Government debt has been downgraded by ratings agencies and the country is running low on US dollars, with withdrawals limited.

Experts warn the country is facing a financial crisis and Prime Minister Saad Hariri says fixing the economy is his main priority.

In 2017, the French government convened a conference during which countries pledged $11bn to rebuild Lebanon’s infrastructure. That money was contingent on the country introducing reforms.

The Lebanese government is still trying to pass the needed legislation and cut the deficit to access the money.

Among other Cabinet proposals on Thursday was an increase in VAT by two points in 2021 and again in 2022, bringing it to 15 per cent.

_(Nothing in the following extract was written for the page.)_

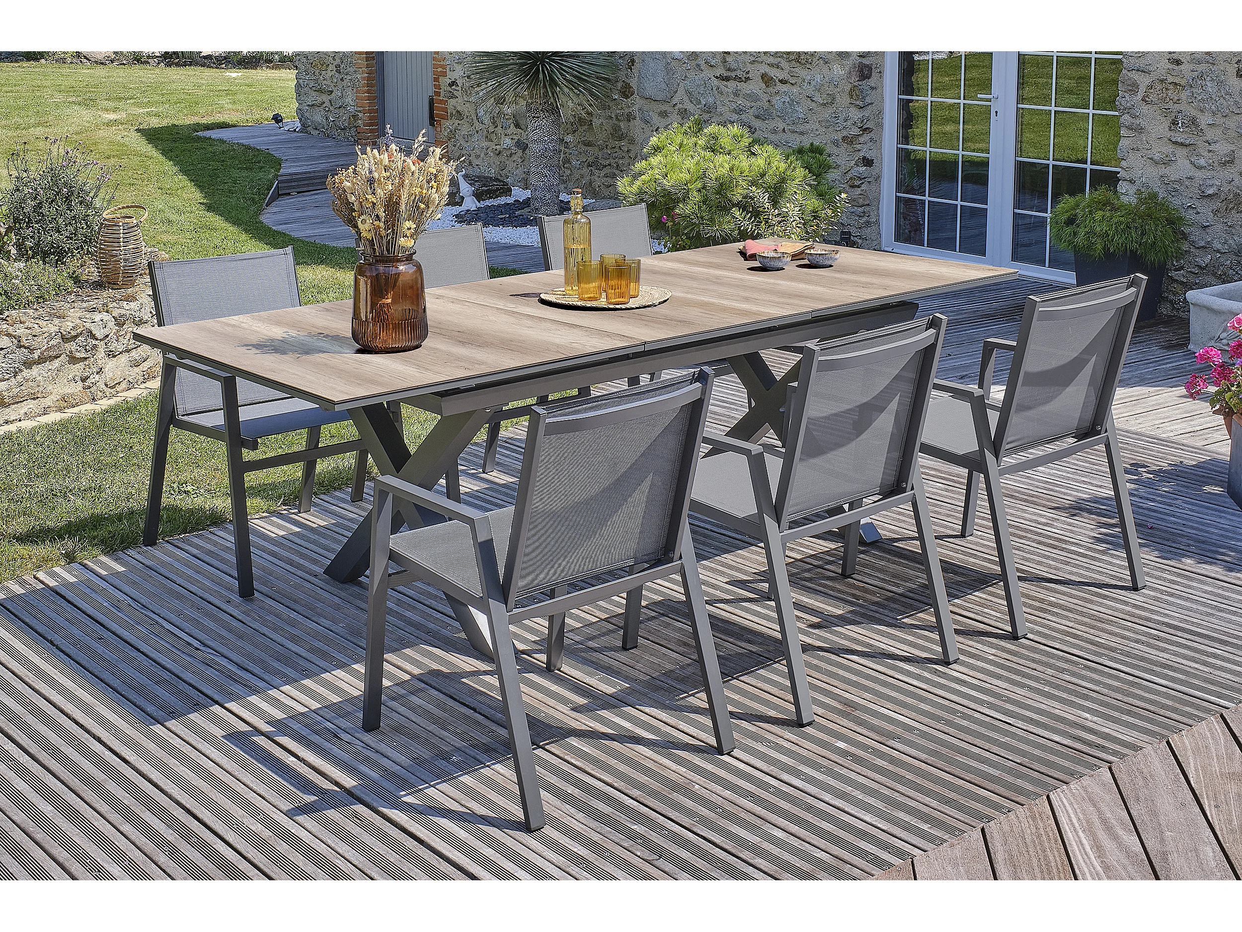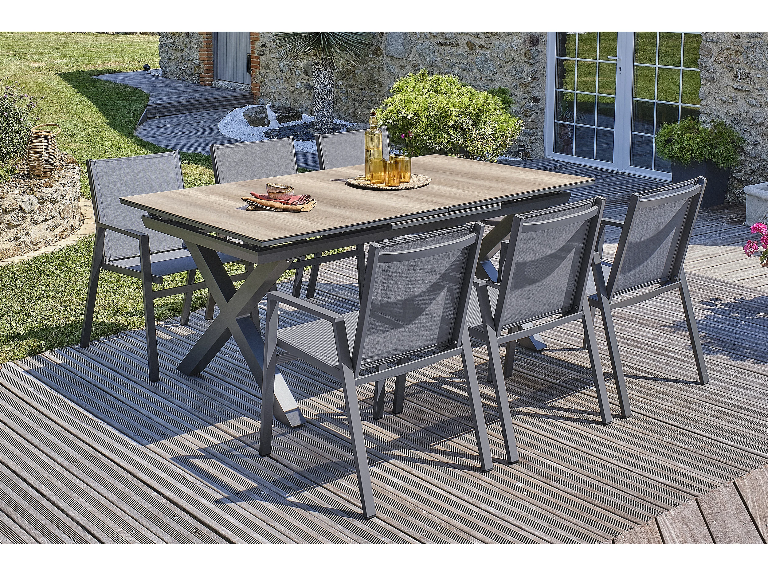 Ensemble repas de jardin 6 places en aluminium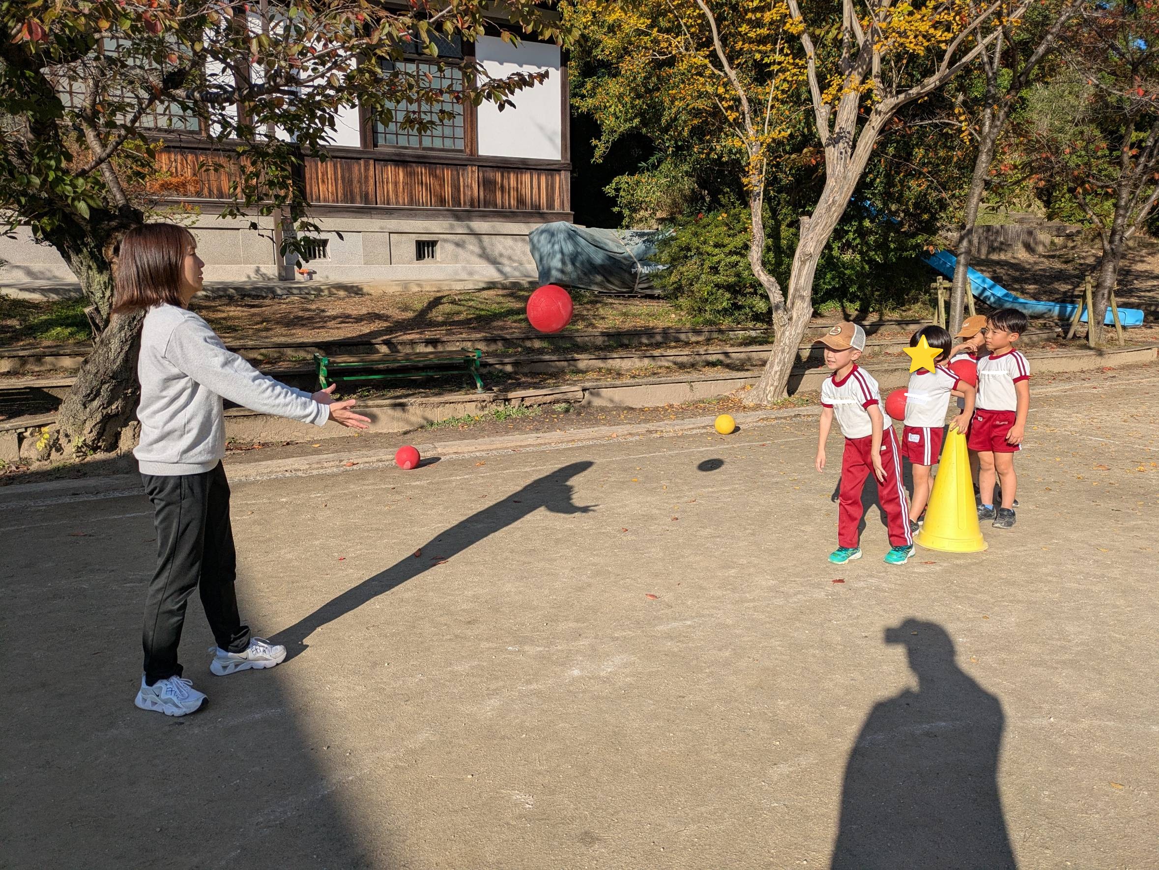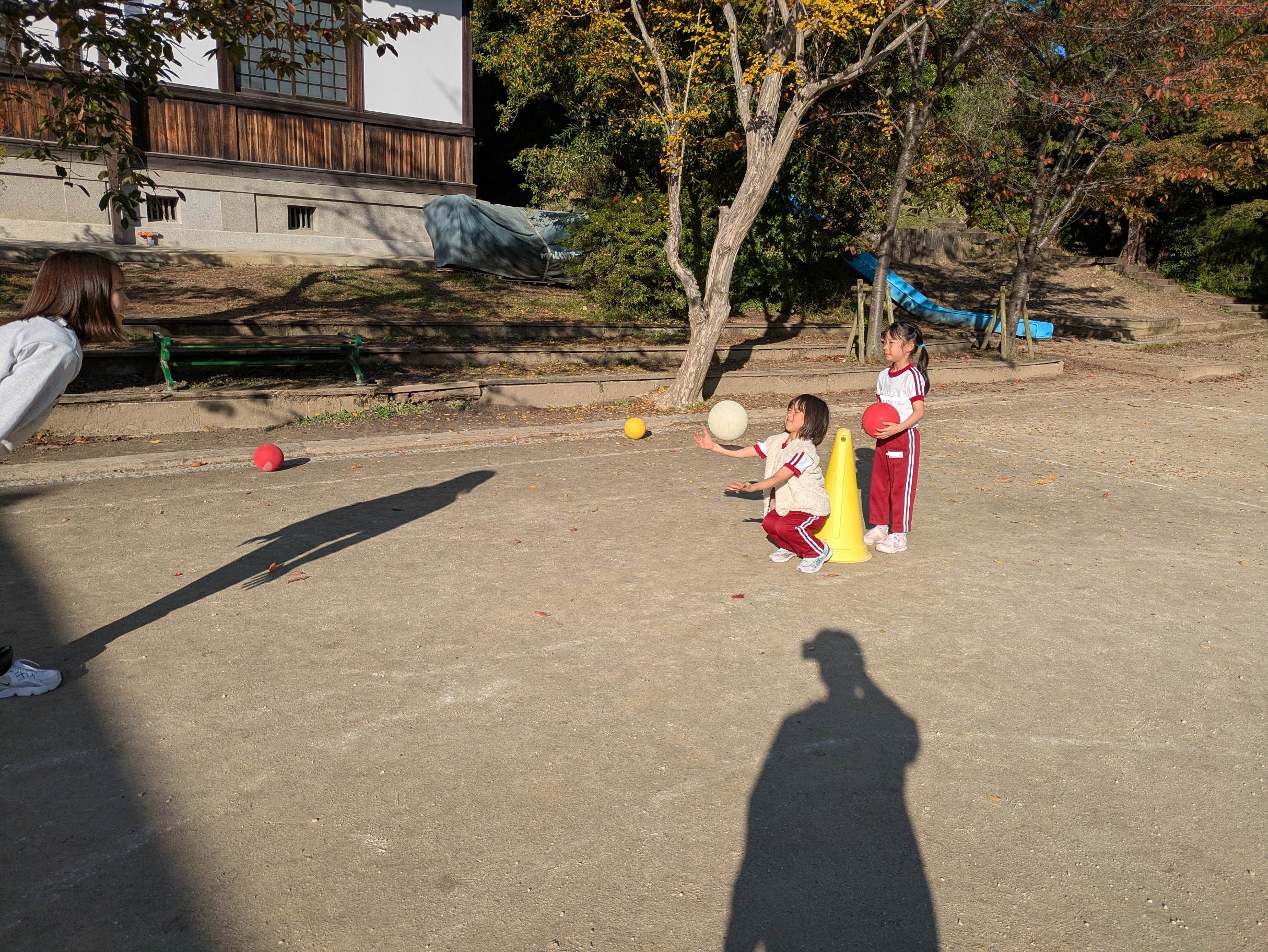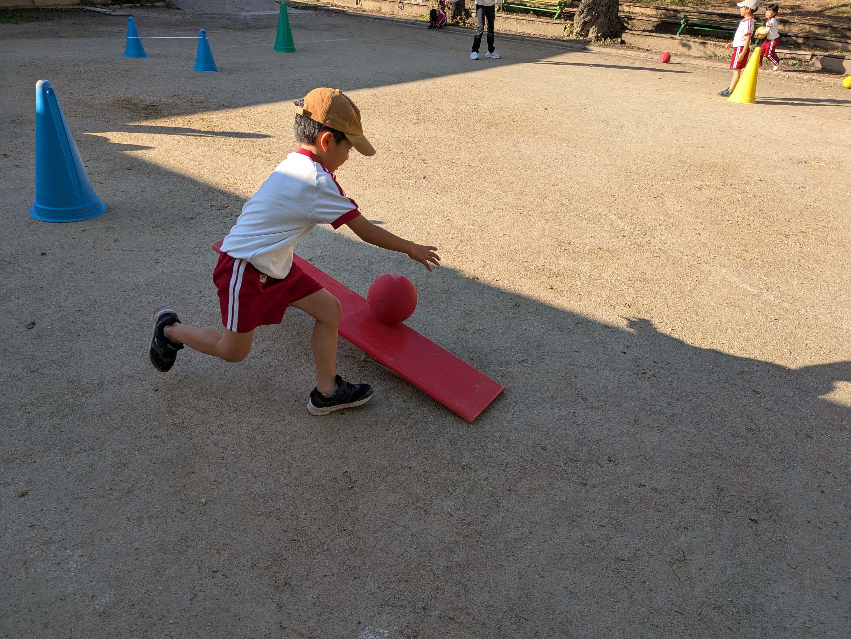 そのあと、リーダーとのボールキャッチや転がしたボールを追いかけて取るなどのサーキットをしました。

Cabinet endorsed other proposals on Thursday, including an increase on the levy for tobacco products and boosted security at borders to clamp down on smuggling.

But the proposal to tax internet calls was immediately criticised.

“The people will not pay a single pound on WhatsApp's service, which is their vent to swear at some politicians without being tracked,” MP Paula Yacoubian said.

Ms Yacoubian urged the Cabinet to back off immediately before they become a “shameful charade”.

Handout pictures provided by the Lebanese photo agency Dalati and Nohra on October 17, 2019 shows Lebanese Prime Minister Saad Hariri (C) chairing a cabinet session at the Grand Serail in central Beirut.

“But you are, as expected, ignoring all warning signs and trying to impose a tax on people instead of creating productive services," she said.

"Doing the same over and over again will lead to the same result – theft and squander.”

Many Lebanese took to social media to condemn the proposal.

Roland Aboujaoude, a lecture at Usek University, tweeted a new logo for WhatsApp in Lebanon.

It showed the classic green box with a phone in a speech bubble above the altered app name, now spelt “What$App”.

Meanwhile, Mohammed Hijazi asked on Twitter why the government was planning to impose an extra fee when Lebanese phone bills were already so high.

Lebanese telecoms bills are relatively high compared to other regional countries, with 500 megabytes costing $10 a month, 10 gigabytes $33 and 100GB $109 with MTC Touch, one of the two state-licensed networks.

Calls and other services are charged separately.

Others asked how the tax would be enforced, for example, if someone without a Lebanese Sim card used WhatsApp over Wi-Fi.

Lebanese licensed telecoms companies, MTC Touch and Alga, generate hundreds of millions a year for the government, which is used to cover the budgets of municipalities and other services.

The companies reportedly paid the Lebanese government $1.2 billon in 2015.